Directions
Only the stretch below from the line holding "Botanisch geboortekaartje met" through the line holding "Gamis Murah - Difah" should be restated, word for word and with both ends included; pictures stay out.

Stored items
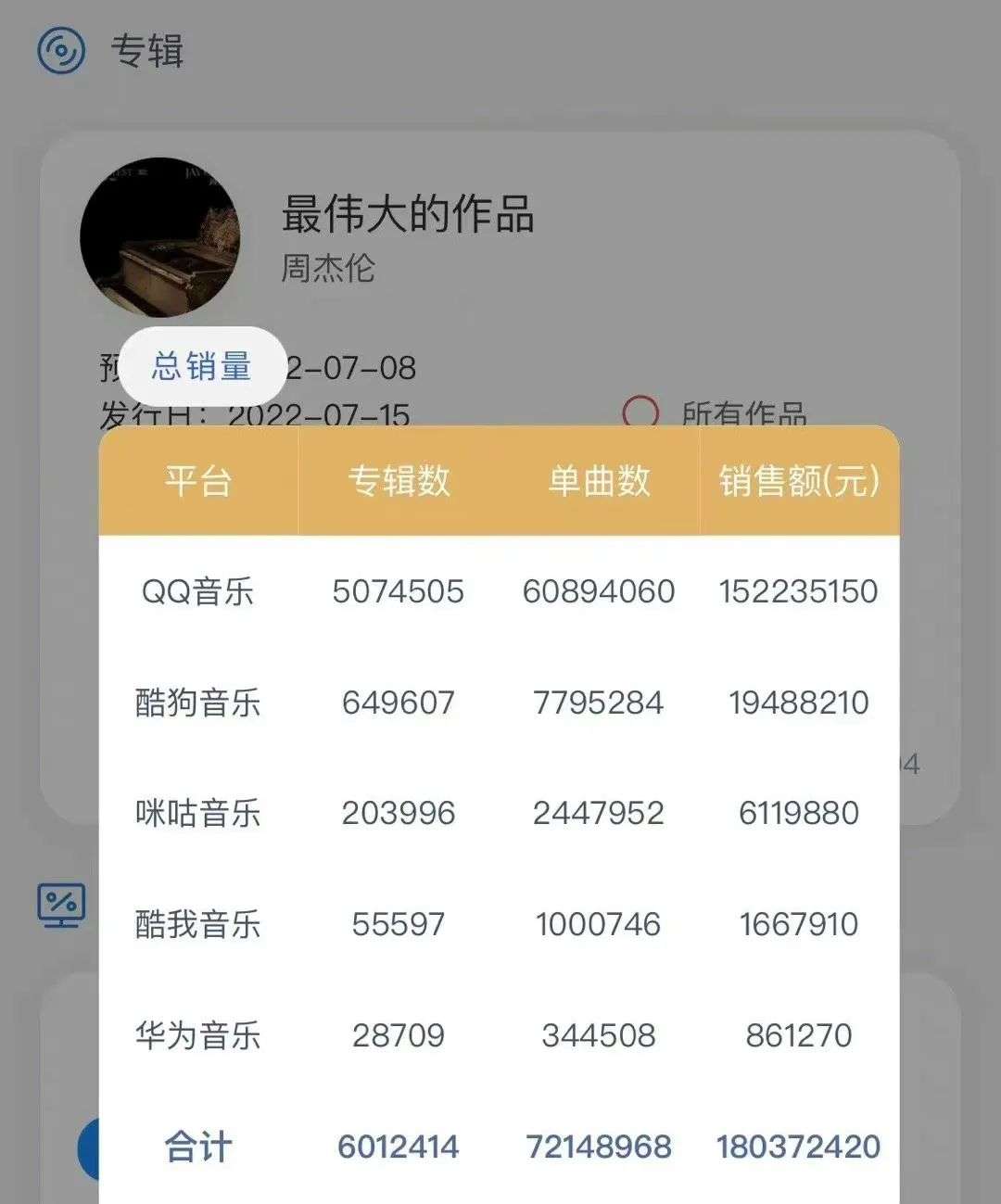 虽然褒贬者各有理由,但流量却在割裂的讨论中以惊人的速度增长。发布不到一天,新专辑全网总销量破500万张,截至7月18日14时,全网销售销量突破600万张,销售总额突破1.8亿。 这是华语音乐史上首张销售额破亿的数字专辑,周杰伦也成功反超泰勒·斯威夫特,成为全球歌坛单张专辑销量第一人。
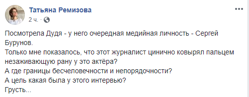 "Посмотрела Дудя - у него очередная медийная личность - Сергей Бурунов. Только мне показалось, что этот журналист цинично ковырял пальцем незаживающую рану у это актера? А где границы бесчеловечности и непорядочности? А цель какая была у этого интервью? Грусть...", - написала Татьяна Ремизова.
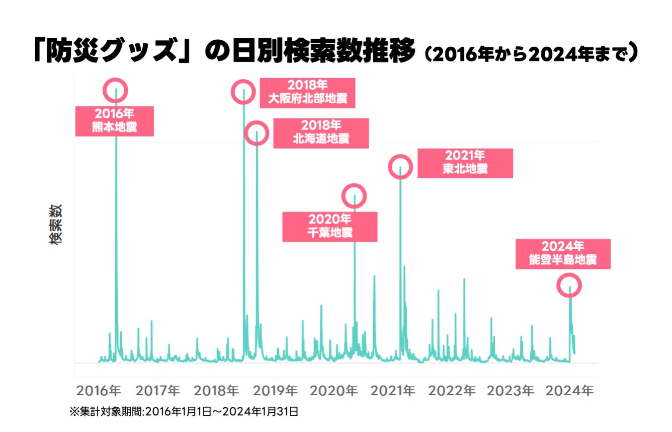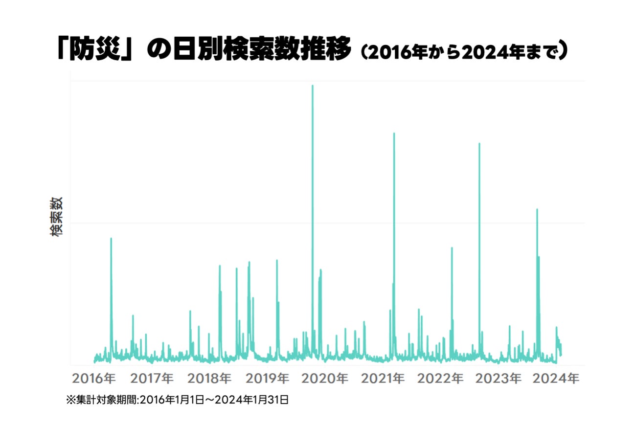 「Yahoo!検索」における2016年1月から2024年1月までの「防災」の検索数を分析したところ、下図のようにある日突然急増し、すぐに減少するという傾向がわかりました。
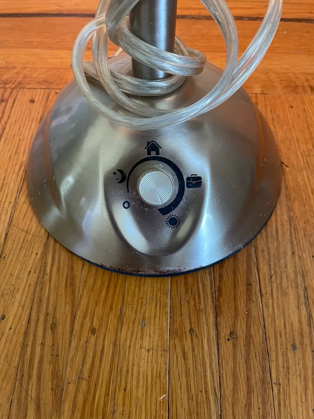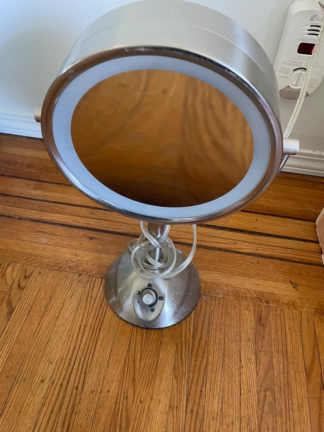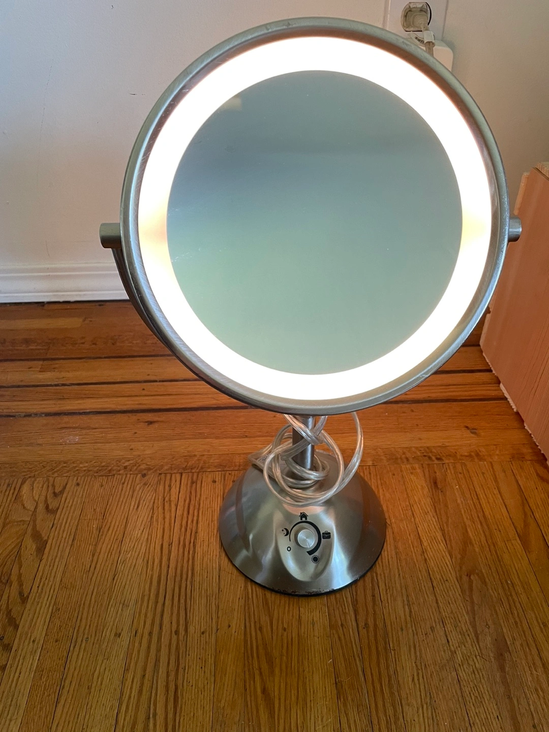 Make up mirror with 2 sides, 1 regular and 1 magnified, light adjusts from cool to warm.
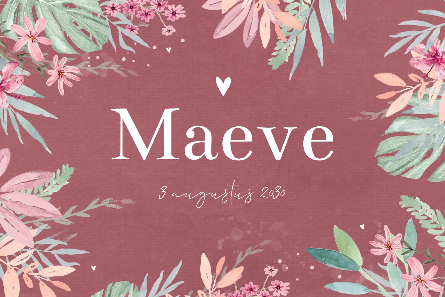 Botanisch geboortekaartje met roséfolie naam. De bloemen en de roze trendkleur vormen een prachtig geheel. Pas het kaartje naar wens aan en bestel een proefdruk om jouw ontwerp in het echt te bewonderen.
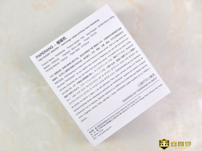 喵喵机二代P2S打印机的包装盒不大,但是重量并不轻,包装盒正面左上角是品牌Logo,中间是产品实物图,右下角是支持的操作系统。包装盒的背面和侧面介绍了产品相关的功能特点。
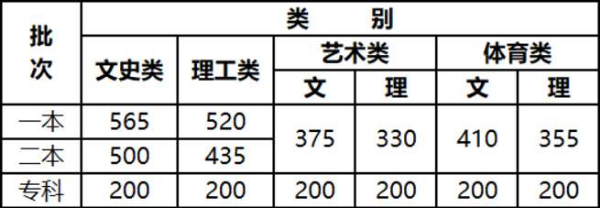 体育文本科410分、专科200分,体育理本科355分、专科200分。
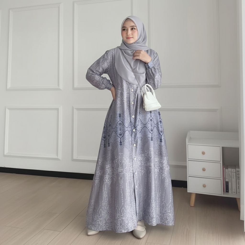Gamis Murah - Difah Dress Motif Bahan Maxmara Luxury Gamis Lebaran Dress Pesta Hari Raya
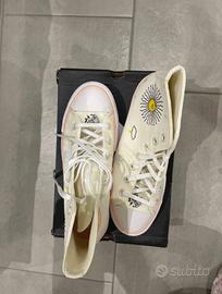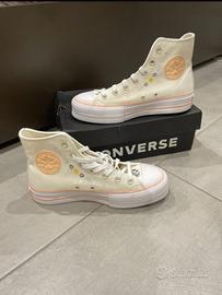 * Vendo queste splendide Converse originali modello Chuck Taylor All Star Lift Platform High Egret Cheeky Coral White con ricamo naturalistico e floreale, completamente nuove e mai indossate.
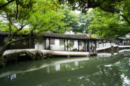 拙政园,位于江苏省苏州市东北隅。全园以水为中心,山水萦绕,厅榭精美,花木繁茂,具有浓郁的江南水乡特色。花园分为东、中、西三部分,东花园开阔疏朗,中花园是全园精华所在,西花园建筑精美,各具特色。园南为住宅区,体现典型江南地区传统民居多进的格局。而拙政园主要以水为主体,庭院和绿树都在水流两旁。
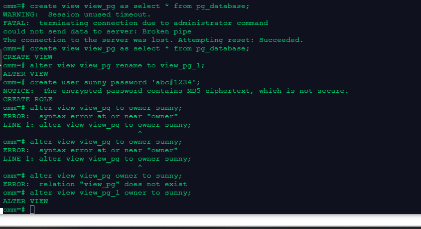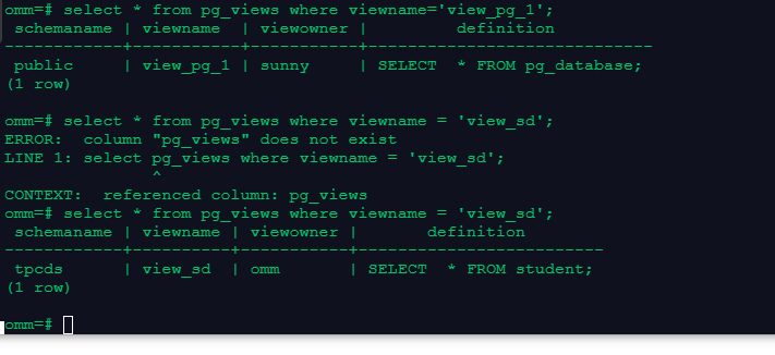 1.为系统表PG_DATABASE创建视图,重命名视图并修改owner为jim,

Response to this exercise
 Botanisch geboortekaartje met roséfolie naam. De bloemen en de roze trendkleur vormen een prachtig geheel. Pas het kaartje naar wens aan en bestel een proefdruk om jouw ontwerp in het echt te bewonderen.
 喵喵机二代P2S打印机的包装盒不大,但是重量并不轻,包装盒正面左上角是品牌Logo,中间是产品实物图,右下角是支持的操作系统。包装盒的背面和侧面介绍了产品相关的功能特点。
 体育文本科410分、专科200分,体育理本科355分、专科200分。
Gamis Murah - Difah Dress Motif Bahan Maxmara Luxury Gamis Lebaran Dress Pesta Hari Raya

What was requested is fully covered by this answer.